**Entries supplied**
⁂

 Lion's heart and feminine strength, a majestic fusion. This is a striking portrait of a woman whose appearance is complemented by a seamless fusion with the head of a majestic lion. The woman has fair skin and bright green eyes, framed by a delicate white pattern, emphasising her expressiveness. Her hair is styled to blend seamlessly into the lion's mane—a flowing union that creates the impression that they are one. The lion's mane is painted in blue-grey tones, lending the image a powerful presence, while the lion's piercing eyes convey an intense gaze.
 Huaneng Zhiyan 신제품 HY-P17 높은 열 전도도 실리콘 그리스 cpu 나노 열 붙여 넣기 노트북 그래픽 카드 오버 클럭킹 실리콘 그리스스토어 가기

⁂

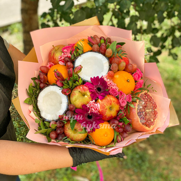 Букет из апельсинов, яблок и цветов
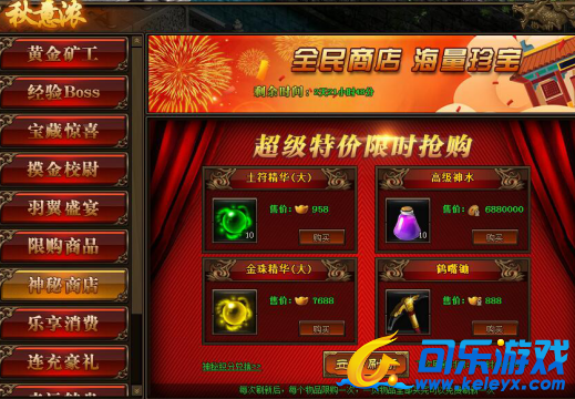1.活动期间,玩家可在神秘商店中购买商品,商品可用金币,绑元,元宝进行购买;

⁂

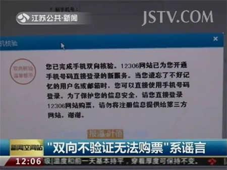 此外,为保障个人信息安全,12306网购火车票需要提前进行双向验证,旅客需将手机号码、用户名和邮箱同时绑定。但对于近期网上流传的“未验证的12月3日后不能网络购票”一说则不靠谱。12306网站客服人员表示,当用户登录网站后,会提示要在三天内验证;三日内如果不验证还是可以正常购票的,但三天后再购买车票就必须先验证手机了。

⁂

**What the task asks**
Only one stretch of the records above is wanted: the lines between the one holding "Lion's heart and" and the one holding "Huaneng Zhiyan 신제품", inclusive, reproduced exactly.

**Solution**
 Lion's heart and feminine strength, a majestic fusion. This is a striking portrait of a woman whose appearance is complemented by a seamless fusion with the head of a majestic lion. The woman has fair skin and bright green eyes, framed by a delicate white pattern, emphasising her expressiveness. Her hair is styled to blend seamlessly into the lion's mane—a flowing union that creates the impression that they are one. The lion's mane is painted in blue-grey tones, lending the image a powerful presence, while the lion's piercing eyes convey an intense gaze.
 Huaneng Zhiyan 신제품 HY-P17 높은 열 전도도 실리콘 그리스 cpu 나노 열 붙여 넣기 노트북 그래픽 카드 오버 클럭킹 실리콘 그리스스토어 가기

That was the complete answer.